Re: Use merge-based matching for MCVs in eqjoinsel

From: David Geier <geidav(dot)pg(at)gmail(dot)com>
To: pgsql-hackers(at)lists(dot)postgresql(dot)org
Subject: Re: Use merge-based matching for MCVs in eqjoinsel
Date: 2025-09-05 14:03:02
Message-ID: b6316b99-565b-4c89-aa08-6aea51f54526@gmail.com
Views: Whole Thread | Raw Message | Download mbox | Resend email
Thread:
Lists: pgsql-hackers

Hi Ilia!

On 29.07.2025 16:07, Ilia Evdokimov wrote:
>
> On 21.07.2025 16:55, Ilia Evdokimov wrote:
>>
>> While analyzing planner performance on JOB with
>> default_statistics_target = 1000, I noticed that a significant portion
>> of planning time is spent inside the eqjoinsel() function. According
>> to perf, in most JOB queries at default_statistics_target = 1000,
>> eqjoinsel() is the most expensive function during planning, accounting
>> for approximately 8% of total CPU time. At default_statistics_target =
>> 10000, the planner spend up to 75% of its time inside eqjoinsel(),
>> making it one of the primary bottlenecks.
>>
>> This overhead is caused by the O(N^2) nested-loop comparison of MCVs
>> in var1 = var2 clauses.

Thanks for working on this. I've wanted to submit a patch for the very
same issue for a while. I've come across this issue multiple times in
the field.

>> I propose an optimization: when the column datatype supports
>> ordering(i.e., has < and >), we can sort both MCV lists and apply
>> mege-style algorithm to detect matches.

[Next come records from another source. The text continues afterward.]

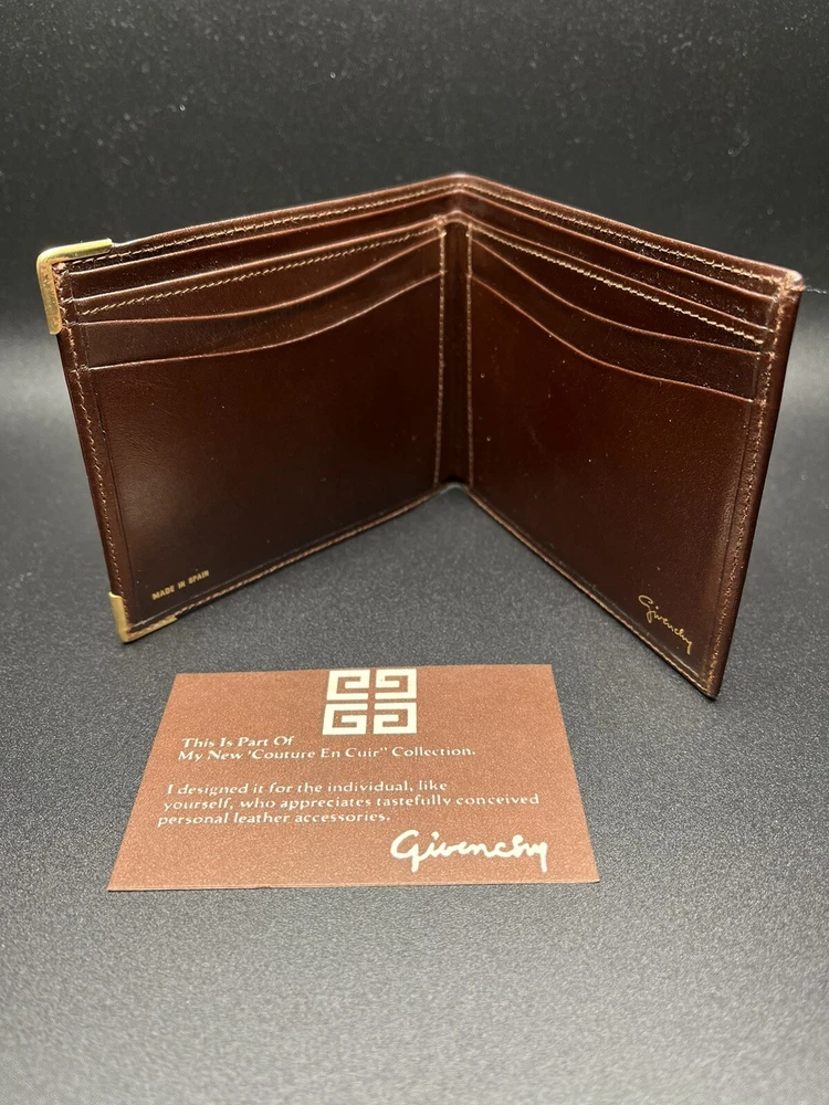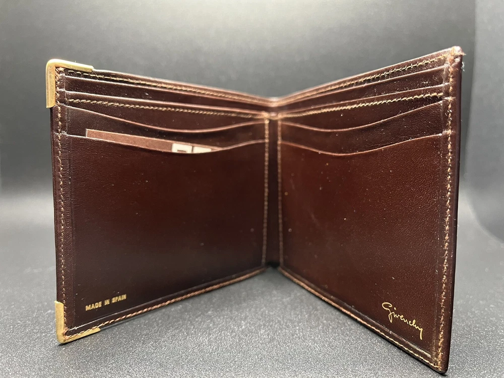 This vintage Givenchy bifold wallet is a must-have for any stylish man. Crafted from high-quality leather, this wallet is both durable and stylish. The brown color and slim design make it perfect for everyday use. The wallet is made in Spain and features the iconic Givenchy brand. It is perfect for storing cards, cash, and other essentials. Whether you're going out for a night on the town or just running errands, this wallet has got you covered.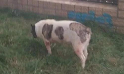 Meet a pig on the side of the road,I think people who keep dogs cats tired, began a pig as a pet?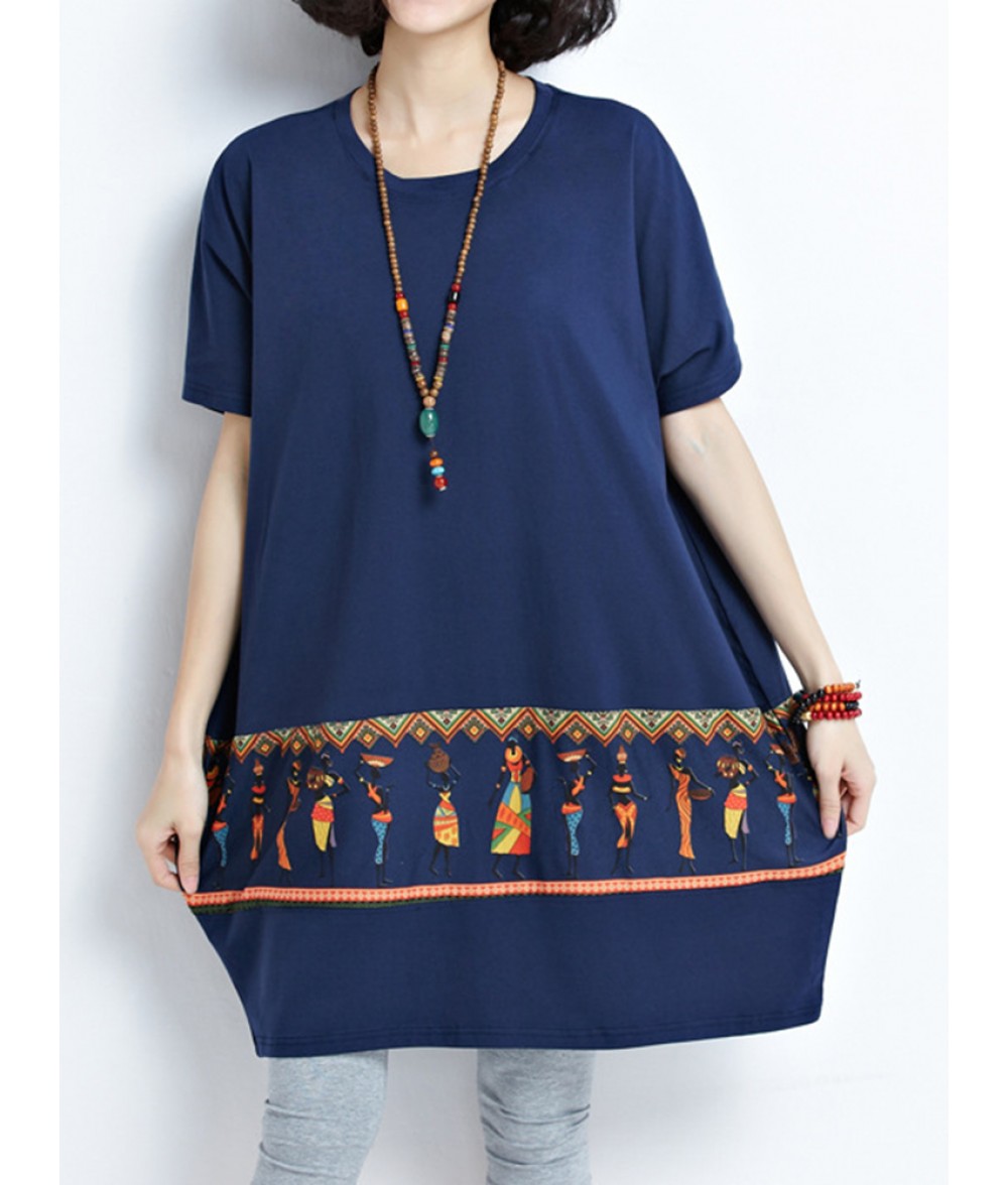 Ethnic Printed Loose O-neck Short Sleeve Women T-shirts

This reduces runtime from
>> O(N^2) to O(NlogN), where N is the number of MCV entries. The patch
>> also applies the same optimization to semi-join clauses, which show
>> similar performance behavior.

Why do you sort both lists and then merge instead of putting the smaller
list into a hash map and then doing hash lookups (if the type is hashable)?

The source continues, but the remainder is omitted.